RENZABURO

紙の本
書評より
生活者視点で描いた震災後文学
斎藤美奈子氏

 東日本大震災から4年がたったが、状況は改善されたといえるだろうか。
 金原ひとみ『持たざる者』は震災2年後を舞台にした連作長編小説だ。少しずつ関係のある4人の男女が登場する。彼らは3・11後をどうすごしたか。
 まず冒頭の「Shu」で、あなたは釘付けになるだろう。売れっ子デザイナーの修人は妻の香奈と娘の遥との3人暮らし。香奈は専業主婦、遥はまだ2ヶ月の赤ちゃんだ。原発事故のニュースの後、東京電力に勤める友人から「子供だけでも西に逃がしたほうがいい」と聞いた修人は「遥を連れて西に行ってくれ」と妻に懇願するが、猛反発される。ならばせめて食品だけでもと彼は考える。
 〈空気と違って自分で選ぶ事のできる食材で母乳を汚染させてしまうのは、できるだけ避けた方がいいと思わないか?〉。妻の答えは〈避けられないよ。だって東京で食材買うんだよ?〉
 延々とくり返される2人の問答の、あまりのリアルさ! 巨大な無力感に修人は襲われ、2人は結局離婚する。
 一方、最後に登場する「朱里」の主人公は、2年ぶりにロンドンから帰国した駐在員の妻である。二世帯住宅を建て、義父の介護をするつもりだったところを襲った震災。やっと帰国できたのに、家は義兄に占拠されていた……。
 3・11をキッカケに「世界が変わった」と感じ、食材の汚染に敏感に反応する修人。目先の人間関係がすべてで、3・11のことなど一切眼中になく、町にあふれる食材で嬉々として料理の腕を振るう朱里。いまの日本は、この2人に代表される2つの価値観の間で引き裂かれているといえるだろう。シンガポールに住む千鶴、ロンドンに避難したエリナも含め、その温度差は大きい。福島第一原発について「状況は完全にコントロールできています」と首相が言い放ったのは 事故から2年半後のことだった。それでも彼らを信じるのか。原発事故問題を生活者の視点から批評的に描いた佳編。最後に朱里が感じる「強大なコントロール感覚」がおそろしい。


「青春と読書」2015年5月号より
「すばる」ロングインタビュー
ロングインタビュー 金原ひとみ
「持たざる者」を描く

聞き手・構成/江南亜美子

■震災を、生々しいかたちで残す

―― このたび刊行された『持たざる者』は、長編としては『マザーズ』(集英社)以来、ほぼ四年ぶり。『マザーズ』以前に書かれていた短編を集めた『マリアージュ・マリアージュ』(新潮社)からでも、二年半ぶりとなります。つまり、東日本大震災後の最初の作品ということですね。この間、読者は、私も含めて、金原さんが3・11や原子力発電所の事故を小説に書いたならどんなものになるだろうと考えずにはいなかったと思います。今回の『持たざる者』は、そのひとつの答えといえそうです。まずは『マザーズ』執筆以降、この作品が生まれるまでのお話から聞かせてください。

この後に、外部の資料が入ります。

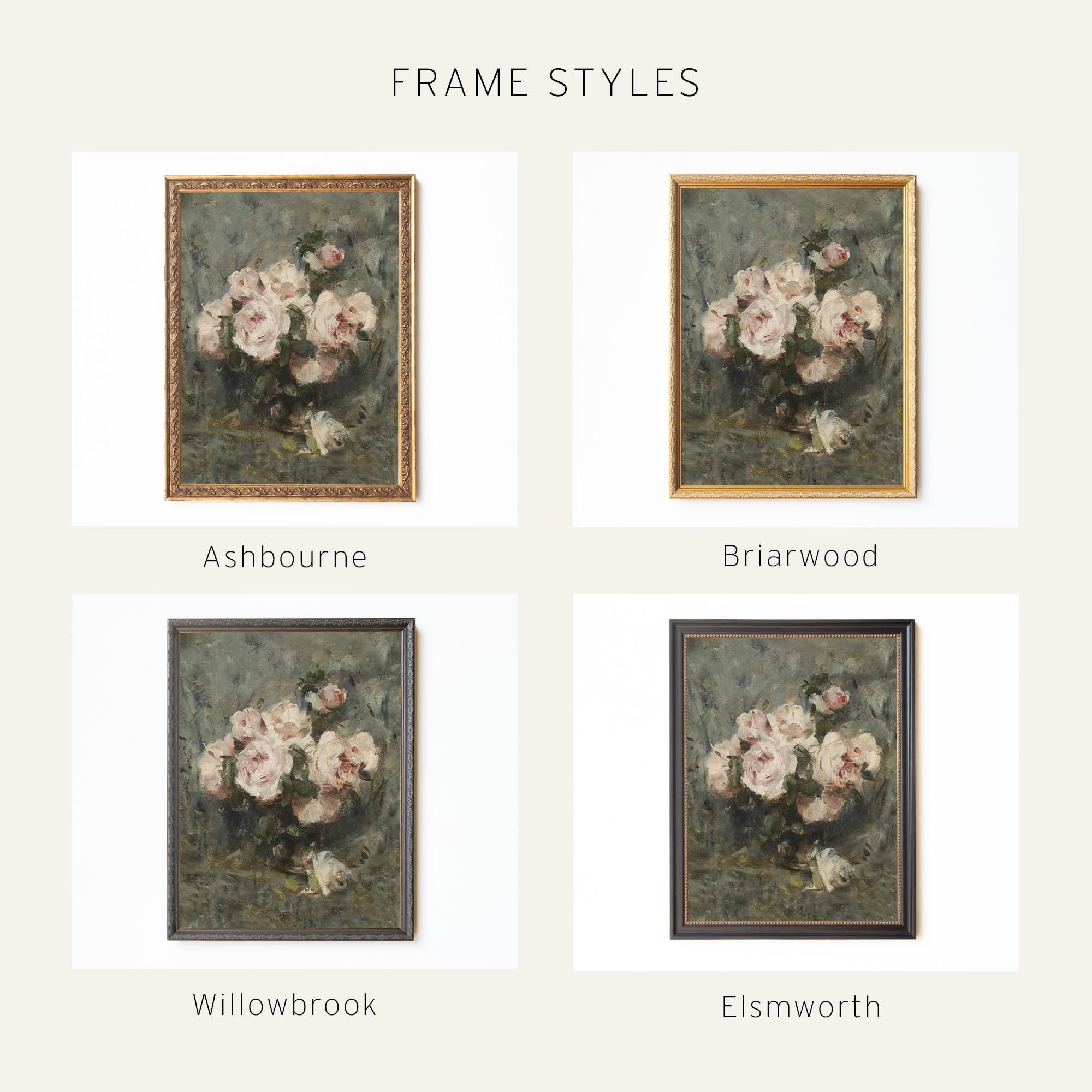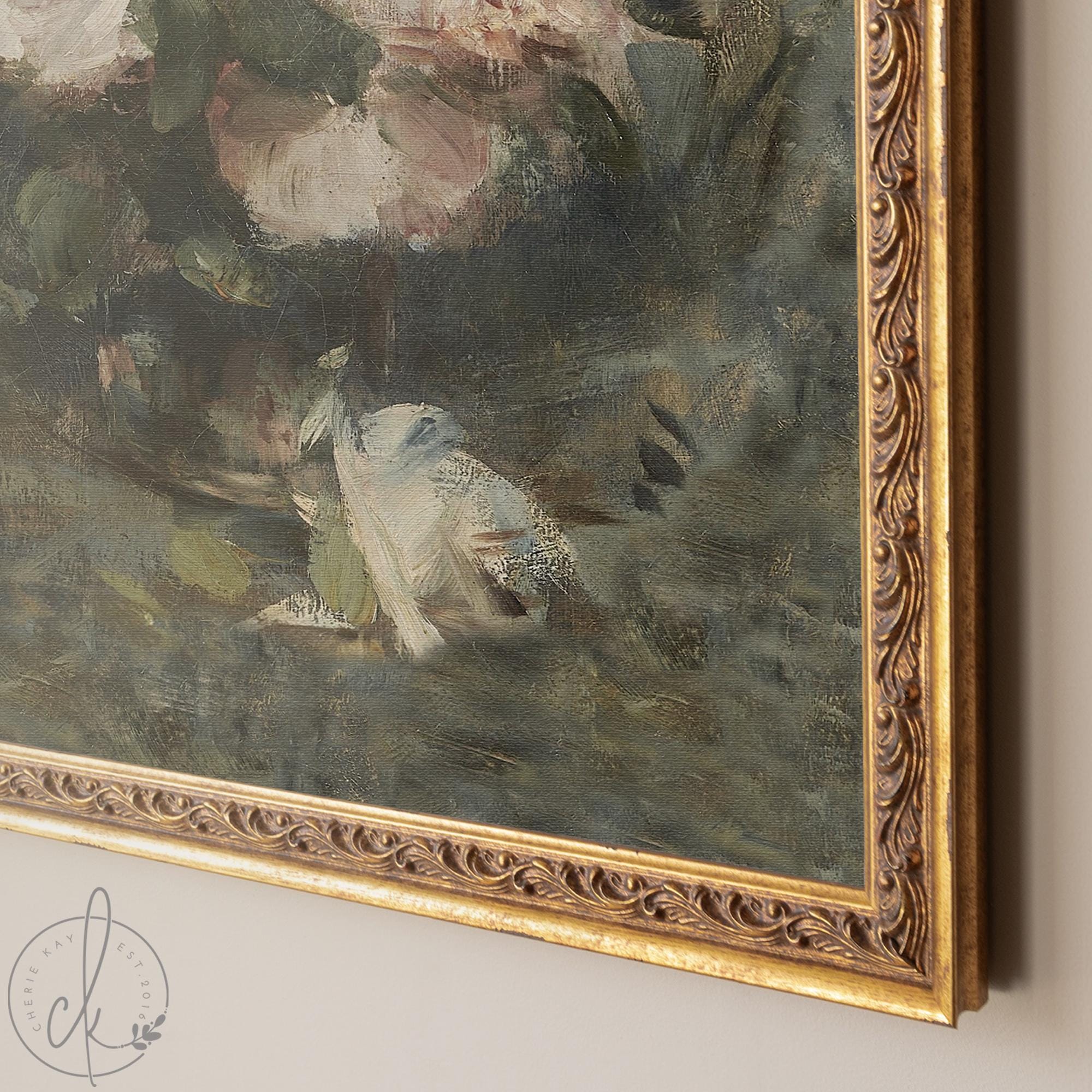 This impressionist floral painting features a delicate bouquet of pink roses and is presented in an ornate gold frame. The framed rose bouquet canvas adds warmth to any interior, pairing beautifully with living room wall art, bedroom wall decor, or entryway displays. With its gentle brushwork and neutral tones, this floral oil painting blends seamlessly into classic and modern spaces alike.
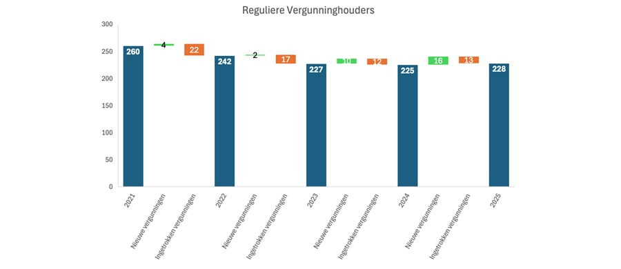 Ontwikkeling aantal reguliere vergunninghouders 2021-2025
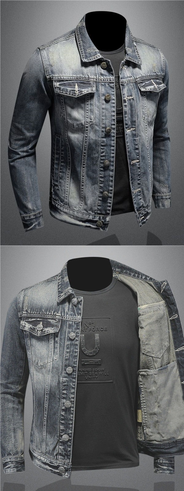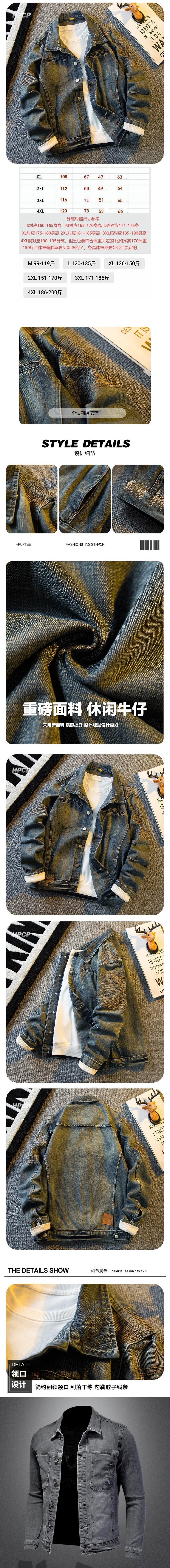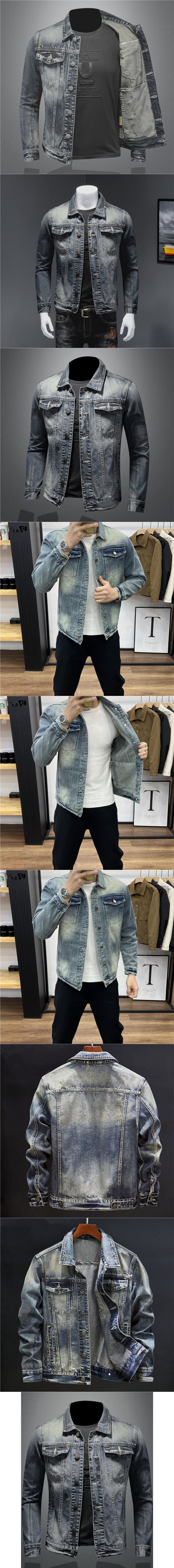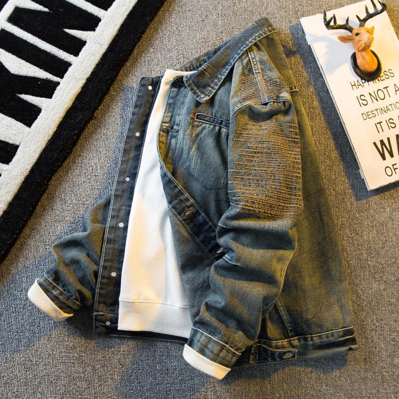 크로스 스타일 유행 미국 스타일 짧은 오토바이 옷깃 데님 재킷 남성 봄과 가을 자수 오래 된 슬림 핏 코트 탑스토어 가기

金原 二〇一一年の震災後に『マザーズ』は刊行されたのですが、もともとしばらく休もうと思っていました。二人目の子供を妊娠していたので、育児休暇の意味もあって。震災が起きたときは臨月で、はからずも岡山のほうで出産することになりました。向こうでちょっと落ちついて育児をする時間をとり、そのうちにフランスに移住したので、物理的に小説と向き合う時間が持てなかったんです。ようやく二〇一三年に書き始めて、結果的に一年半ぐらいを要しました。

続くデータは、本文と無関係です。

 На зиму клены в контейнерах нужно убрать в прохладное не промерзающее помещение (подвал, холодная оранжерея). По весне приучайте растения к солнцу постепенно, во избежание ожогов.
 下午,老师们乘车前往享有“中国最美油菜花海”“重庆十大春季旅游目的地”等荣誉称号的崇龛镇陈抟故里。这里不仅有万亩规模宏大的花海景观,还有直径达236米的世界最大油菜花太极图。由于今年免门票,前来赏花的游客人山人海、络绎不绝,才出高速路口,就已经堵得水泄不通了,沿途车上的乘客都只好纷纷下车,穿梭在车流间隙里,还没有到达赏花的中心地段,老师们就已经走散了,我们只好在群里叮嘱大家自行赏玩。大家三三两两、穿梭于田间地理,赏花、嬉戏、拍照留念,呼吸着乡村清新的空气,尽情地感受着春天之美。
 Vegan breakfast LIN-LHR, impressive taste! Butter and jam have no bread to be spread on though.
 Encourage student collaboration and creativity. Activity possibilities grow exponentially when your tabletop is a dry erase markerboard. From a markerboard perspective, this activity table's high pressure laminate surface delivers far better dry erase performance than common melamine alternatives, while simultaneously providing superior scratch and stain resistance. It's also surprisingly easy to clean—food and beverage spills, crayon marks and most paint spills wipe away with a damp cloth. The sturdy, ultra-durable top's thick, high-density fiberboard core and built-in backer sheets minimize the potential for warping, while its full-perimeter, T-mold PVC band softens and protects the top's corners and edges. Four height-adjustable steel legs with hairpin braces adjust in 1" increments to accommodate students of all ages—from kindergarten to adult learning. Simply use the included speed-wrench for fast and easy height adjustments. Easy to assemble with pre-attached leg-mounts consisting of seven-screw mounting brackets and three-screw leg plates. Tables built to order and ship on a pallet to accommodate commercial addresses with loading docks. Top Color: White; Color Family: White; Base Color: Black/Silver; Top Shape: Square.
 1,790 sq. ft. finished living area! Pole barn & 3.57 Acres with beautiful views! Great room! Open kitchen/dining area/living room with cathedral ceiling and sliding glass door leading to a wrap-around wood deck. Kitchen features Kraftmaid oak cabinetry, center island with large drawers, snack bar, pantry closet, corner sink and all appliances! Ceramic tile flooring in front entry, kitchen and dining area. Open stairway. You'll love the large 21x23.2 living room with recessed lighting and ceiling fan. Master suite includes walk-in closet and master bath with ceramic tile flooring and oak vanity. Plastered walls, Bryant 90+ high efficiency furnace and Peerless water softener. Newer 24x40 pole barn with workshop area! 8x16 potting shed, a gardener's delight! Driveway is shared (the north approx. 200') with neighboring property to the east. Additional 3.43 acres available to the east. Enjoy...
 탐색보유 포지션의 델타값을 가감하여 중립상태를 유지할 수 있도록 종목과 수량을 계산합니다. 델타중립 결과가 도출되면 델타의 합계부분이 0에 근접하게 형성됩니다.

―― 今回は、四百枚の作品の、一挙掲載でした(「すばる」二〇一五年一月号)。

金原 長編になることはわかっていたのですが、生活のスタイルも決まらないなかで書いていたので、連載するのは不安がありました。これまでも書き上げてから発表するやり方が多かったですし、とくに今回は震災というセンシティヴな問題に触れることもあり、じっくり時間をかけてほんとうに満足というところまで出し切ってから、発表したかったんです。でも連載という区切りがないぶん、ずっとつらかったですね。

―― 震災を描くというのは最初から?

金原 震災について書いておきたいと思っていました。いちど生々しいかたちで残しておかなければ、何もなかったように普通の小説を書くことはできないなと。しかし精神的にはなかなか向き合えなかった。震災をどう書くかという以前に、小説自体をどう書いたらいいのかさっぱりわからないという状態になってしまって。それまで小説を書くときは、こんな感じで、こう続いて、これぐらいの枚数でということが頭でイメージできたんです。でもそんなプロセスが一気にポーンと飛んで、土台から揺らいでしまった。踏み出すまでに時間がかかりました。
 だんだん時間が経過して落ち着いたことと、海外に出てしまったことで、より外部から震災や日本を眺められる状態にはなっていったんです。でも今度は自分自身が慣れない暮らしを経験し、別の事情に困ったりする現実のなかで、さらに書くことが遠のいてしまった気はしました。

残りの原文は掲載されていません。